Layleanna’s CDH Story

One day, we were going for a normal scan around 20 weeks, our anatomy scan. We spent hours there, then got pulled to the doctor's office, saying he found something wrong. Her intestines were already developing into her chest. The doctors said they rarely get cases where the intestines are already developing into the chest and getting so large and swollen. Her doctor sent us to a specialist in Tennessee the next week. We did our high-risk scans, and it took longer than expected. We sat down with the doctor as she explained Layleanna has developed a hole in her diaphragm big enough where her stomach has went through into her chest cavity, and her heart was pushed over to the right. Layleanna developed a Right-Congenital Diaphragmatic Hernia (CDH). But that wasn't all, her heart developed a hole and was bigger with each scan. They were saying she would need open heart surgery as well. We went weekly to Vanderbilt in Nashville to get her scans weekly, on top of other scans weekly at the other specialist's office for her heart.

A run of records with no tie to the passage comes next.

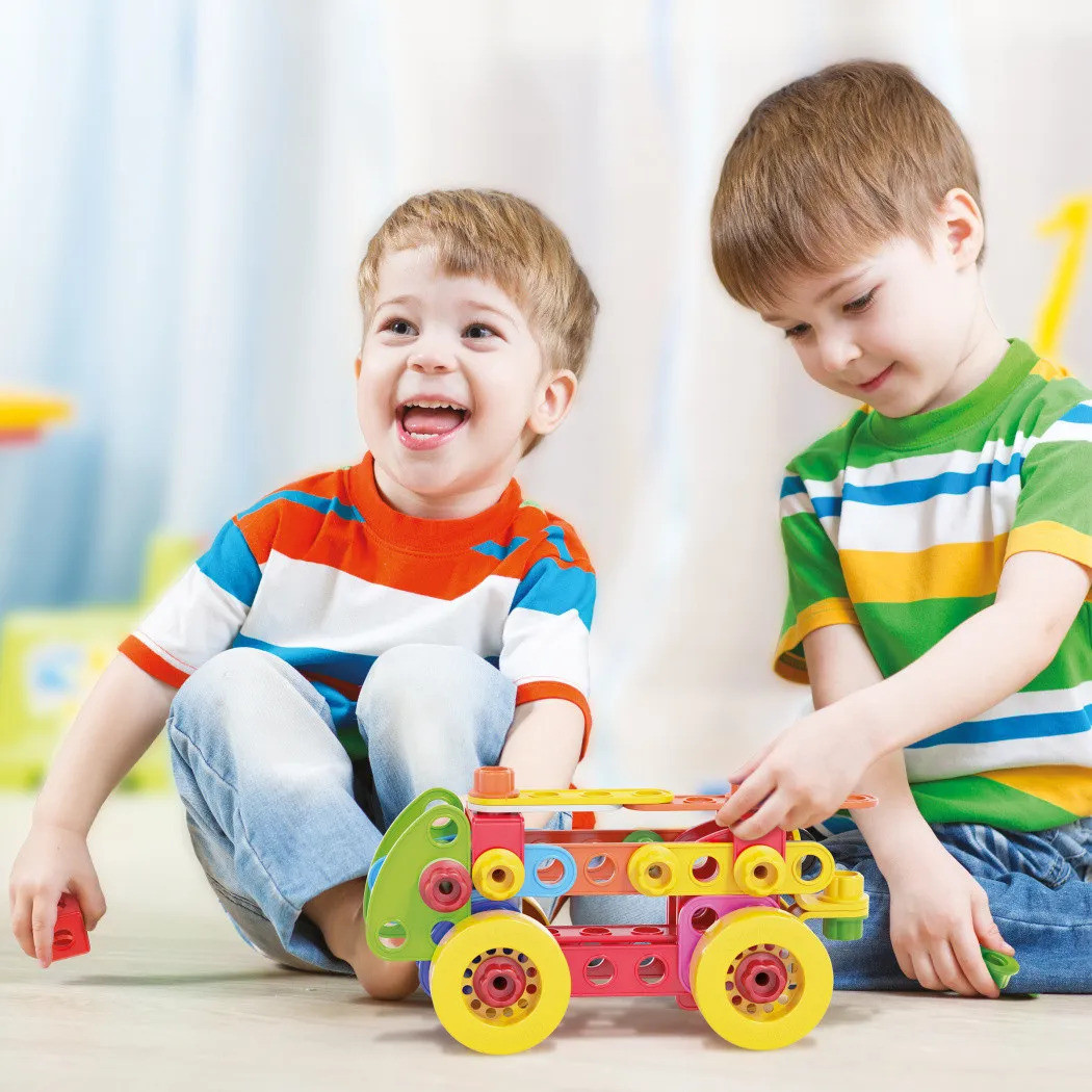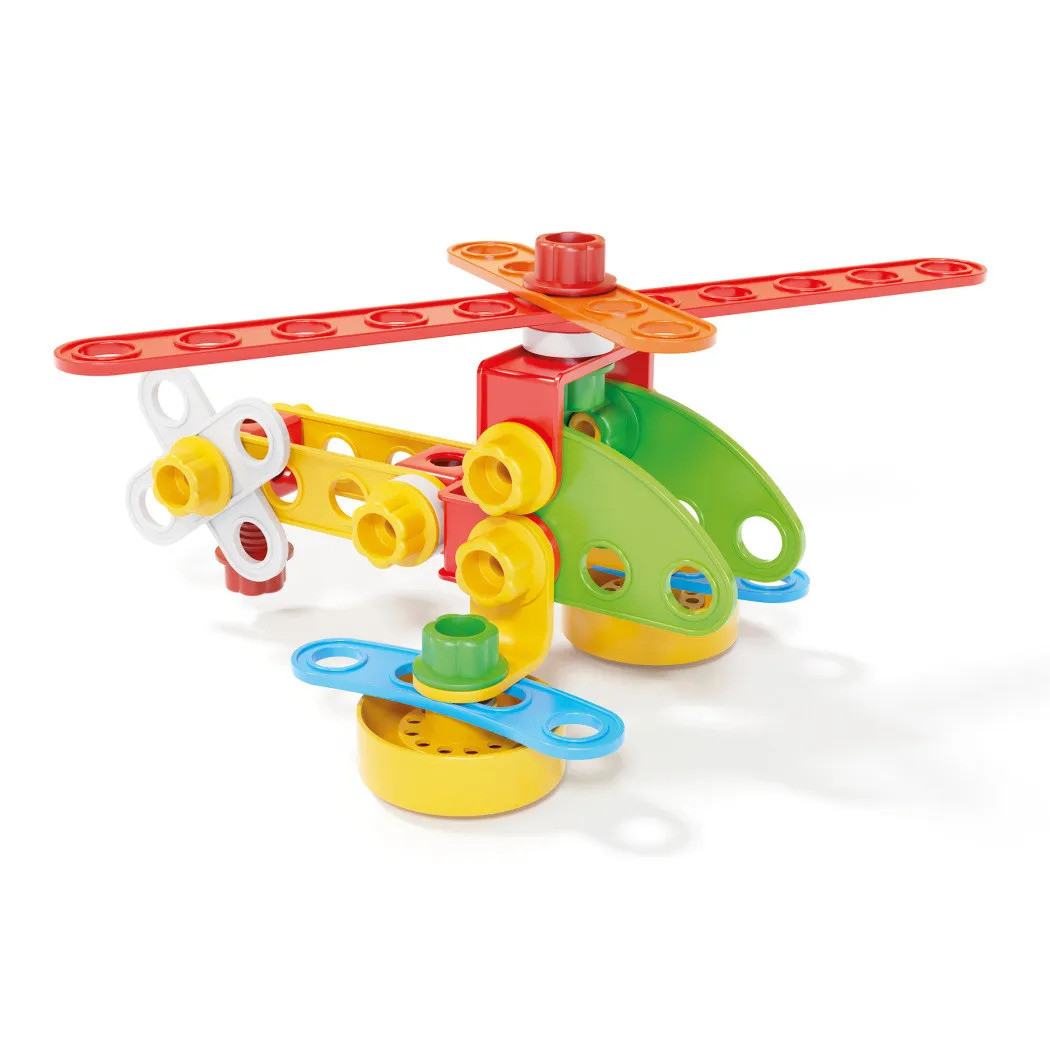 Šrouby, matice, křídlové matice, kola a perforované dílce z odolného, netříštivého plastu je možné sestavovat bez použití jakéhokoli nářadí. Děti od 3 let budou potřebovat jen své ruce a představivost. Tato sada totiž obsahuje všechno, co je nezbytné k sestrojení aut, helikoptér, jeřábů nebo dalších strojů, které dětem přijdou na mysl. Stavebnice Tecno Jumbo rozvíjí koordinaci, logické myšlení i tvořivost a zábavnou formou pomáhá dětem pochopit základní principy mechaniky.
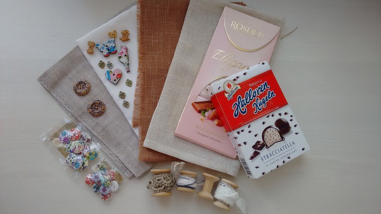 Тут и тканюшки, и множество пуговок красивенных, и кружево, и катушки, и подвески. И супер вкусняшки!))
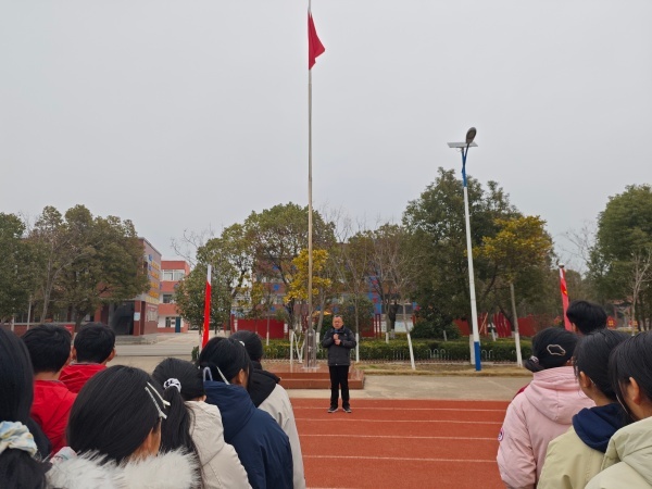 升旗仪式后,校党支部副书记蒋华进在国旗下发表讲话,开展专题宣讲。他围绕“青山学校师生每日五问”——“我是谁?我在哪里?我来做什么?我的目标是什么?我今天努力了吗?”进行了全面阐释与思想动员。
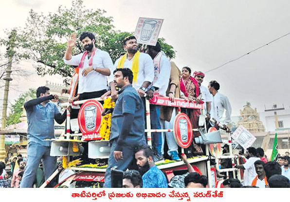 గొల్లప్రోలు, న్యూస్టుడే: బాబాయ్ పవన్ కల్యాణ్ను పిఠాపురం నుంచి అసెంబ్లీకి పంపితే మరింత సేవచేస్తారని సినీనటుడు వరుణ్తేజ్ అన్నారు. పిఠాపురం అసెంబ్లీ నియోజకవర్గంలో జనసేన అభ్యర్థి పవన్ కల్యాణ్కు మద్దతుగా వరుణ్తేజ్ గొల్లప్రోలు మండలంలోని పలు గ్రామాల్లో శనివారం రోడ్షో నిర్వహించారు. గాజు గ్లాసు గుర్తును చూపుతూ ఓట్లు అభ్యర్థించారు. తాటిపర్తి, కొడవలి, దుర్గాడ గ్రామాల్లో జరిగిన సభల్లో ఆయన మాట్లాడారు. ‘ఆత్మహత్యలు చేసుకున్న కౌలు రైతుల కుటుంబాలకు అప్పుచేసి మరీ పవన్ సాయం అందించారు. పిఠాపురం ప్రజలను కుటుంబసభ్యులుగా భావిస్తున్నారు. నియోజకవర్గంలోని ప్రతి గ్రామాన్నీ అభివృద్ధి చేస్తారు. చిరంజీవి సహా మా కుటుంబం మొత్తం పవన్ బాబాయ్ వెనకే ఉంది. కూటమి అభ్యర్థులను గెలిపించాలి’ అని పిలుపునిచ్చారు. వరుణ్తేజ్కు ప్రతి గ్రామంలో ఘన స్వాగతం లభించింది. తాటిపర్తిలో ఆయనకు మామిడిపండ్ల బుట్టను అందజేశారు.
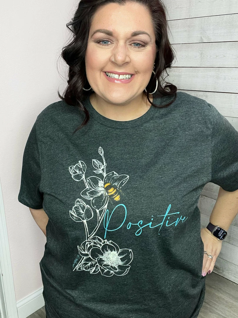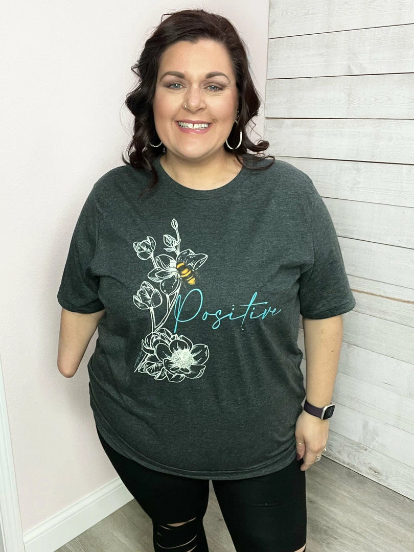 Flowers, a bumblebee, and the word positive graphic printed on a Bella unisex Dark Heather Grey tee. True to size!
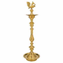 - This Vilakku is adorned with peacock idol on top.
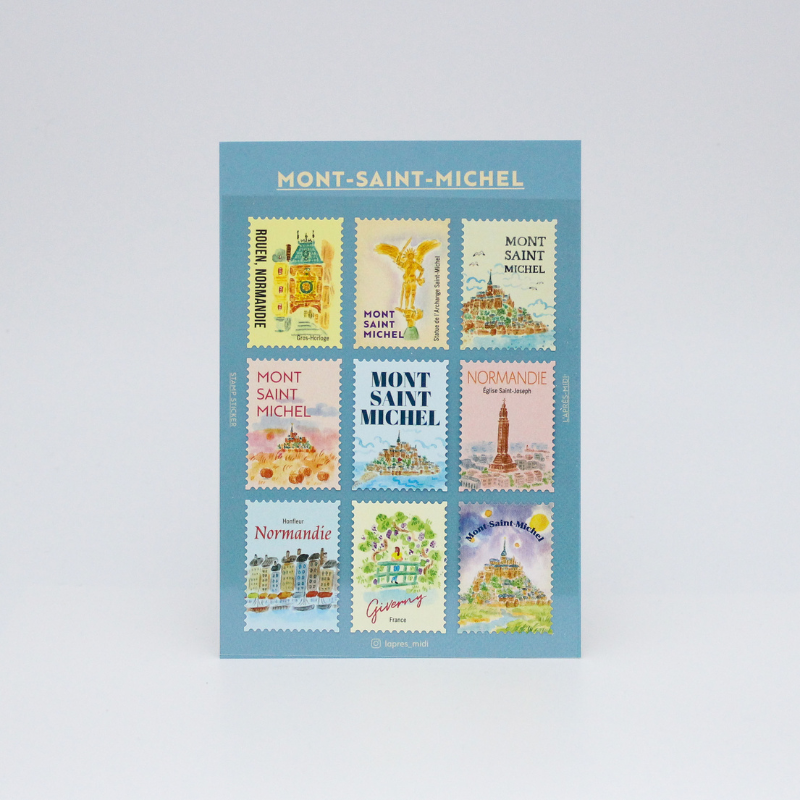 Set de 9 adhesivos, cada uno con una imagen de un monumento o vista típica de la ciudad.
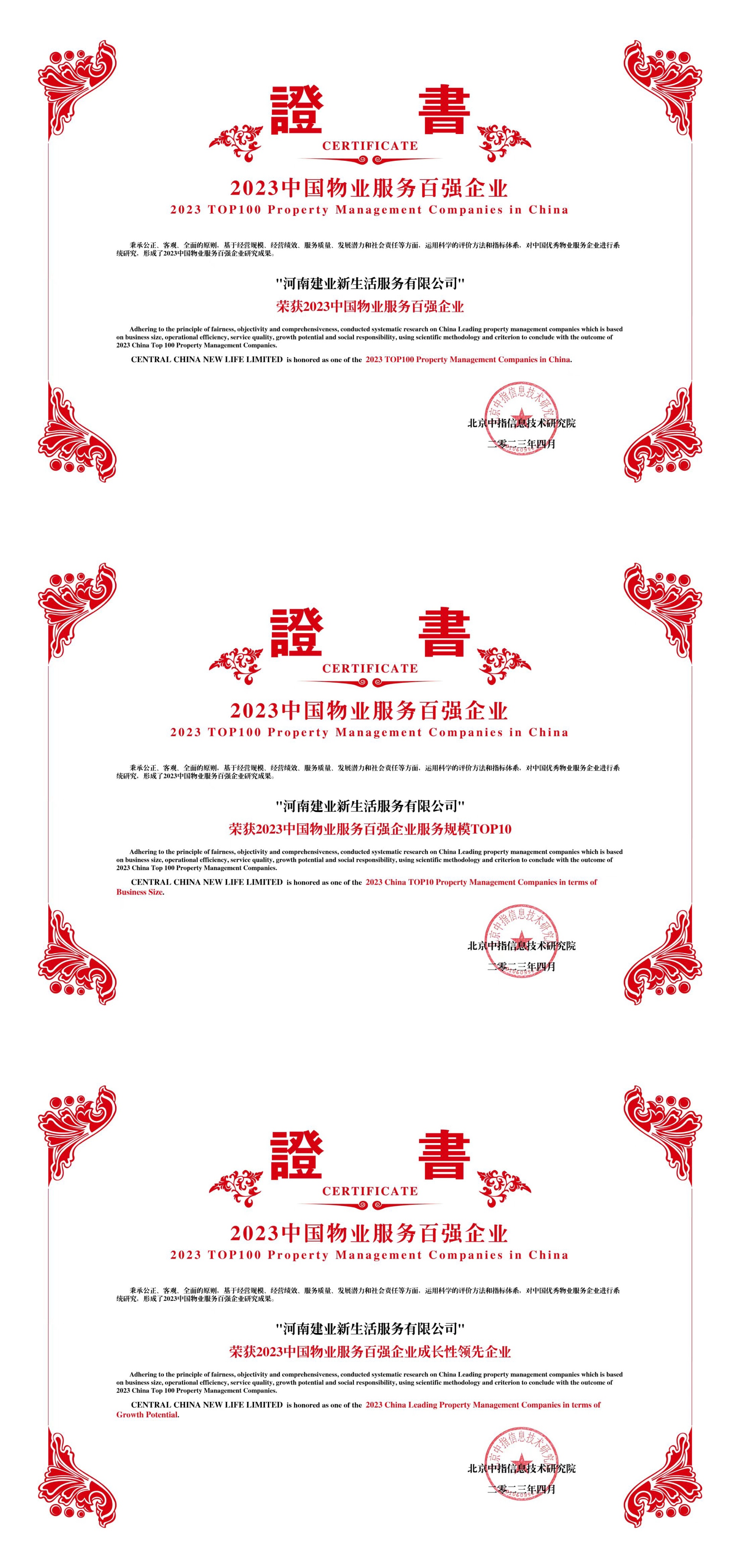 榮譽(yù)證書 豐富業(yè)態(tài) 貼心服務(wù) 增值服務(wù) 4月26日,由中指研究院、中國房地產(chǎn)TOP10研究組主辦的“2023中國物業(yè)服務(wù)百強(qiáng)企業(yè)研究成果會(huì)”在北京舉行。憑借雄厚的綜合實(shí)力及強(qiáng)勁的發(fā)展勢頭,建業(yè)新生活蟬聯(lián)“中國物業(yè)服務(wù)百強(qiáng)企業(yè)TOP11”“中國物業(yè)服務(wù)百強(qiáng)企業(yè)服務(wù)規(guī)模TOP10”,并獲得“2023中國物業(yè)服務(wù)百強(qiáng)企業(yè)成長性領(lǐng)先企業(yè)”榮譽(yù)稱號(hào)。同時(shí),建業(yè)新生活旗下在管項(xiàng)目濮陽·建業(yè)世和府榮獲“2023中國物業(yè)服務(wù)行業(yè)示范基地”稱號(hào),新鄉(xiāng)·建業(yè)壹號(hào)城邦、焦作·建業(yè)世和府榮獲“2023中國五星級(jí)物業(yè)服務(wù)項(xiàng)目”稱號(hào)。 作為中部地區(qū)領(lǐng)先的新型生活方式服務(wù)商,建業(yè)新生活
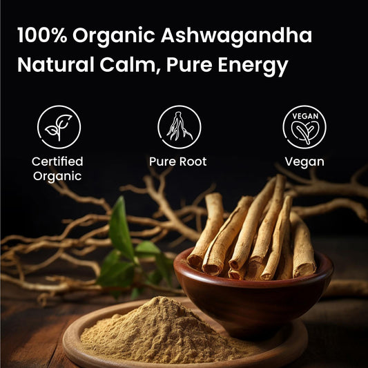 Vlado's Himalayan Organics 100% Organic Ashwagandha Powder 100gm - Withania Somnifera | Pure Ashwagandha Powder Organic -Support Muscle Recovery & Boost Energy Level | USDA Certified for Vitality, Strength & Stress Management | 100gm
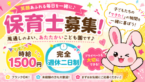 施設形態 私立認可保育園 住所 京都府 京都市 左京区高野東開町1‐3 雇用形態 派遣社員 給与 時給 1,400円~1,450円
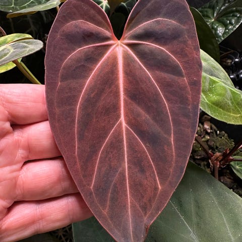 Stikling av Hoya sp Gunung Gading med påbegynt roting. En spesiell Hoya med svært dekorative blader, som blir burgunder i sterkt lys.
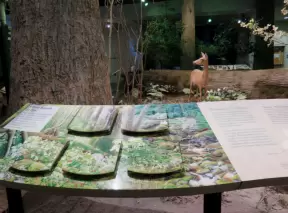 Two beautiful modern buildings full of attractive exhibits including some live animals.
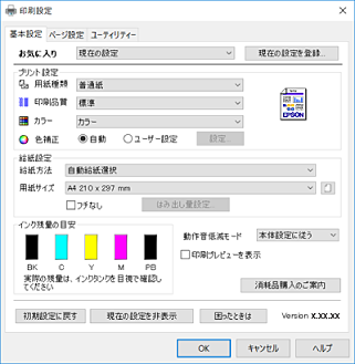 • 用紙種類:セットした印刷用紙の種類を選択
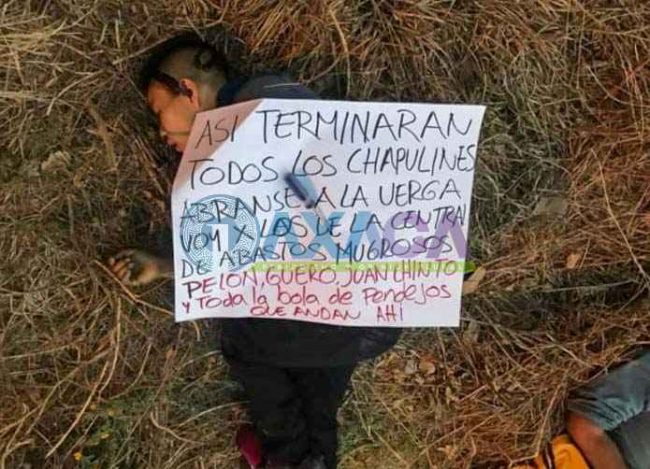 Decían las cartulinas que dejaron en los cuerpos de los ahora occisos.
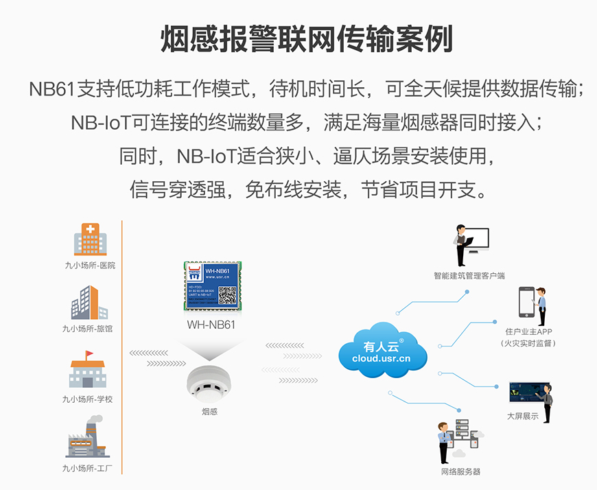 NB61支持低功耗工作模式,待機時間長,可全天候提供數據傳輸;NB-IOT可連接的終端數量多,滿足海量煙感器同時接入;同時NB-IOT適合狹小、逼仄場景安裝使用,信號穿透強,免布線安裝,節(jié)省項目開支
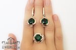 Женский комплект: серебряное кольцо и серёжки с зелёными фианитами
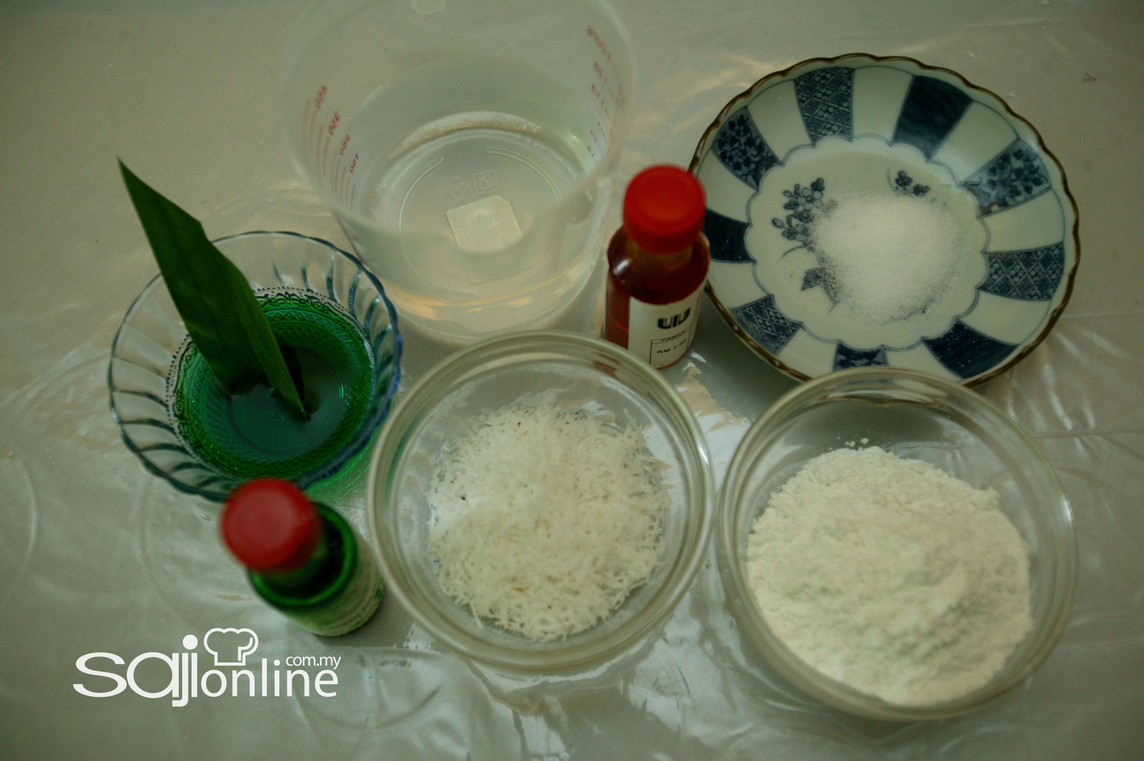 Campurkan tepung pulut bersama sedikit garam. Kemudian bancuhkan dengan air sedikit demi sedikit sehingga menjadi doh yang sebati.
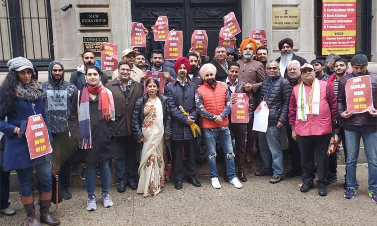 ന്യൂയോർക് ഇന്ത്യൻ കോൺസുലേറ്റിന് മുമ്പിൽ ഇന്ത്യൻ ഓവർസീസ് കോൺഗ്രസ് യു.എസ്.എയുടെ ആഭിമുഖ്യത്തിൽ ‘ഭാരത് ബചാവോ’ എന്ന മുദ്രാവാക്യമുയർത്തി നടത്തിയ പ്രതിഷേധ ധർണയിൽ കെ.എം.സി.സി അടക്കമുള്ള സംഘനകളുടെ പങ്കാളിത്തമുണ്ടായി. ‘മതേരര ഇന്ത്യയെ രക്ഷിക്കൂ, എൻ.ആർ.സി വേണ്ട, സി.എ.ബി വേണ്ട’ എന്നെഴുതിയ പ്ലക്കാർഡുകൾ പിടിച്ചുകൊണ്ടായിരുന്നു പ്രതിഷേധം.
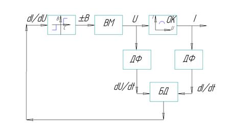 Вона складається з двох диференціаторів, блока ділення, що визначає похідну dI/dU і релейного елемента РЕ, що дає знак похідної. Залежно від знака похідної виконавчий механізм ВМ, забезпечує рух об’єкта керування в бік екстремуму. Під час проходження через екстремум знак похідної змінюється, релейний елемент РЕ перемикається і ВМ реверсується, що забезпечує повернення системи до точки екстремуму.

She was born full term, at 37 weeks and 5 days. She was on oxygen, and 3 days later, she had her surgery. They had to put a mesh patch in for her repair. Still, also something they normally never do, and had to put her intestines in a halo because her intestines were so large and expanded. They could not fit into her stomach. Hence, they had to leave her intestines outside her body in a halo. Four days passed, and the doctors were able to put her intestines into her stomach again, but they had to remove some of her intestines because there was a hole in them. She almost went septic, so she was put on medication and was very closely monitored. With her intestines being so large, her lungs were extremely underdeveloped, and she was on oxygen for 6 weeks. She had her 4th surgery to finally close her and watch how she was doing with the repair, and she was slowly weaning from her oxygen! Then, we had her cardiologist come in after her last surgery in the hospital to see her and do an ultrasound on her heart. They were saying her hole isn't closing, but she is showing signs where they can hold off on talking about a surgery for her heart. If she is showing any signs that need to be talked about or done for surgery, then we will discuss that closer to that time! Fast forward to today, having been in the NICU for 2 months, she was able to go home with no oxygen or g-tube. Today, she is 1, and we have to watch her breathing as she is developing asthma, but she is thriving so strongly.